Твое письмо ускорило мои мысли об этих вещах, довольно активные и прежде. Мой импульс — сказать сразу: езжай. Худшее и все, чего ты можешь бояться, — это зловонное дыхание, которое затуманит твое доброе имя, потому что Э. У. сделал то, что сделал, потому что ты был священником и являешься трансценденталистом, и отступником от святого сана, и жителем того места, неизвестного надушенной респектабельности и осуждаемого предрассудками и ошибками. Это первая великая причина, а вторая не сильно отличается от нее. Она заключается в том, что ты задерживаешь свою подготовку к любому постоянному занятию, как центру своей чувственной жизни, проводя два или три года в Европе. Что касается первой причины, то не твои собственные чувства, а чувства твоих друзей требуют некоторого внимания. На суде Небес перевесит ли их скорбь о твоем отъезде и близости с Э. У. в это время твое собственное счастье от поездки, и потому, что так ты одалживаешь свой добрый характер тому, кто, возможно, несправедливо осужден? Столь внезапный отъезд и близость с ним могут иметь косвенное влияние на твои будущие попытки как-то утвердиться. Если твой разум не определяется ни к какому занятию, и ты предвидишь то же общее занятие, которое заполняло последний год или два, я бы сказал: езжай. Если Бог не призывает здесь, он может призвать в Европе; и если не на годы, твое путешествие не может помешать ему. Есть более личные причины, которые ты знаешь, его характера и твоей вероятности ассимиляции, и твоей независимости в интимных отношениях.

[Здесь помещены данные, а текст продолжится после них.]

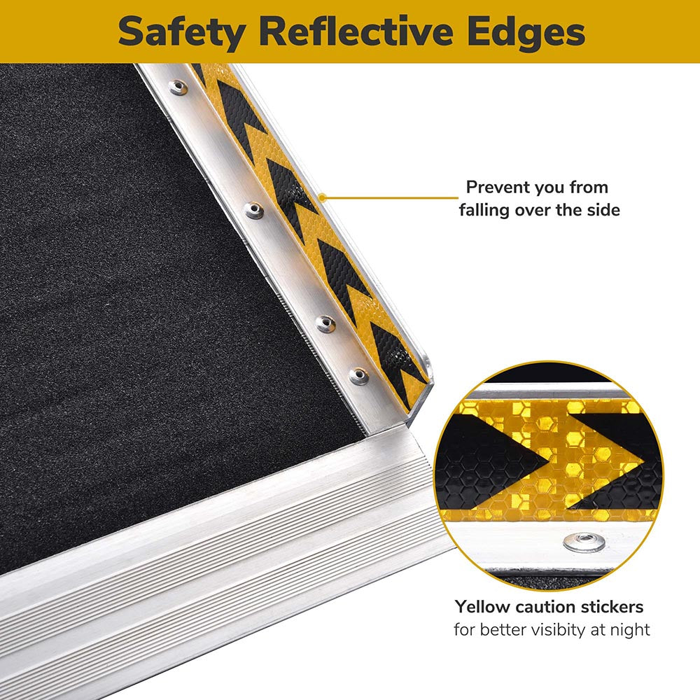 • Reflective Guardrail - Features safety guardrails on both sides to prevent the wheelchair from accidentally sliding off the ramp. Bright yellow warning signs posted on 2 sides make it clearly visible at night

Возможно, ты можешь сцепиться мизинцами, если не можешь пожать всю руку. В целом, я бы сказал: езжай, хотя и не без должного размышления о друзьях, для которых твое имя и отношения могут значить больше, чем твоя дружба. Ты скоро дашь мне знать о своих передвижениях, не так ли?

Неделю или две я хозяин дома для своей кузины, чей муж в Бостоне. Беррилл выполняет ту же обязанность для тети. Это большое разделение, хотя всего лишь шаг отделяет нас, когда я дома; но тонкая социальная симпатия реального контакта, рано утром и поздно ночью, добрые дела, которые связывают минуты и украшают часы, нежные сладости достоинства дружбы без ее формы — это бутоны, которые расцветают только в тепле вечно соединенных рук.

Сегодня вечером Чарльз Дана, Исаак и Беррилл пришли навестить меня. Я чувствовал запах летних листьев и слышал летние флейты, когда стоял с ними и разговаривал. Чарльз никогда не был так важен для меня; он был собой и всей Брук Фарм в придачу. Мы все собираемся слушать Уильяма Генри Чэннинга утром. В прошлое воскресенье у церковных дверей я встретил К. П. Кранча и его жену. Я намерен пойти и навестить их очень скоро, хотя они живут за много улиц. Исаака я видел много в течение недели. Он живет в двух милях или более от нас.

Я еще не слышал никакой музыки. Концерты Макса Борера в понедельник с Тиммом, миссис Саттон, Антоньини и Шафенбергом; я намерен пойти. Филармонические концерты начинаются через неделю с этого вечера. У них четыре концерта, и подписка стоит 10 долларов, за что получаешь три билета на каждый концерт и привилегию купить два случайных билета по 1,50 доллара каждый. Странная договоренность. Они собираются играть 8-ю симфонию в следующую субботу. Не знаю, что еще.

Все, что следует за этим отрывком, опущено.